Heterosexual transmission was the initial, and remains the major, mode of transmission worldwide, lack of circumcision is a major contributing factor to the AIDS epidemic. Even though other modes of transmission are prevalent in developed countries, heterosexual transmission remains and may be especially relevant for men who visit counties with high HIV. Moreover, in some studies [Kelly et al., 1999; Gray et al., 2000a], but not in a more recent one [Agot et al., 2004], the effectiveness of circumcision in AIDS risk reduction was greater when performed prior to puberty.
‘ABC’:
Thus, to the old "ABC" (abstinence, behavior and condoms) [Coates et al., 2008] one can now invoke an ABC that reads "antivirals, barriers and CIRCUMCISION".
Call for action:
Some quotes from an article by Harvard expert Daniel Halperin and associates [Klausner et al., 2008] are pertinent: “Male circumcision is the only modality for prevention of HIV transmission that has been proven to work by the highest standards of scientific evidence”. Particularly in regions of high HIV prevalence “the majority of uncircumcised men want the procedure performed, and generally an even higher proportion of women in those regions would prefer to have a circumcised partner”. Professional, governmental and advocacy communities have been criticized for the “glacially slow introduction of male circumcision”. “If this were an actual vaccine, packaged with a pharmaceutical company logo and shiny labelling, few people would be deliberating … There would instead be massive mobilization.” “Unfortunately, in these times of profit-driven healthcare, no single entity stands to earn large sums of money from male circumcision. The procedure is not patented, owned or trademarked.” “Male circumcision works: it is as least as good as the HIV vaccine we have been waiting for, praying for and hoping to see in our lifetimes.”

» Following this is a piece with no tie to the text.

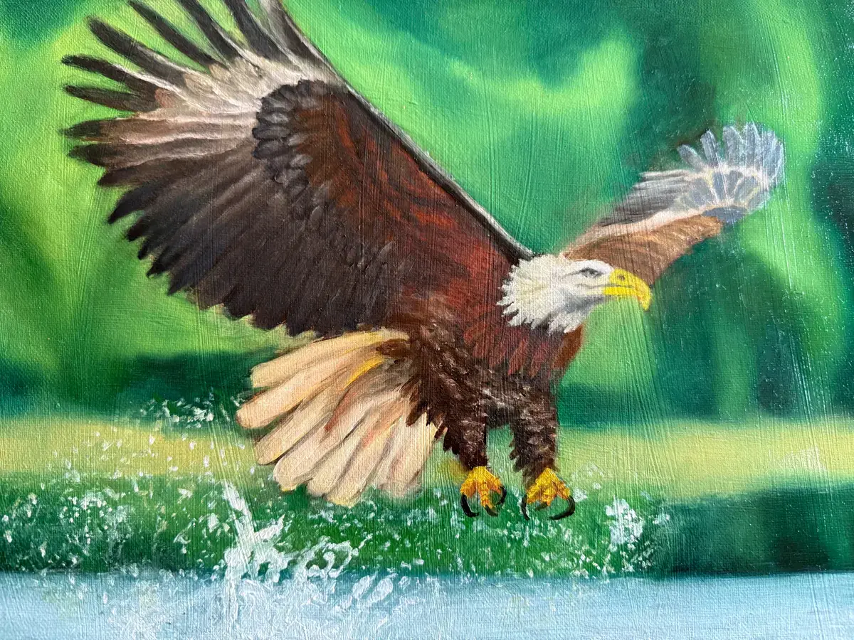 I have been so lucky to find great art teachers on outschool. I always wanted to learn oli painting and I found the best teacher on outschool. I made this piece for my grandfather because he has eagles that come by a pond near his house. I love painting because when I paint nothing else exists. The only thing that matters is the painting. I never worry about other stuff I just get lost in creating.

And this from the Institute of Catholic Bioethics: “Mandating neonatal male circumcision is an effective therapy that has minimal risks, is cost efficient and will save human lives. To deny individuals access to this effective therapy is to deny them the dignity and respect all persons deserve. Neonatal male circumcision is medically necessary and ethically imperative” [Clark et al., 2007].
A 48-author commentary that included leading experts on HIV and circumcision from around the world, including researchers from leading universities such as Harvard and the University of California, WHO, UNAIDS, the World Bank, and the present author, concluded that "the time has come for urgent and decisive leadership, not circular and unscientific arguments about an intervention whose efficacy has been proven beyond reasonable doubt. As with other previously 'controversial' topics such as the link between cigarette smoking and lung cancer, it is time to move beyond debating the merits of this evidelnce in professional journals and other legitimate communication outlets and to start implementing effective programs for safe, voluntary MC and reproductive health in high HIV-prevalence regions" [Wamai et al., 2008]. Messages about the proven benefit afforded by male circumcision in HIV prevention do need to be integrated with messages about safe sex and other behaviors [Rotheram-Borus et al., 2009], even though behavioral factors and condoms have not had much of an impact in general populations.
(Footnote: Brian Morris, the author of this review, chaired the Circumcision session at the 4th International AIDS Society Conference in July 2007.)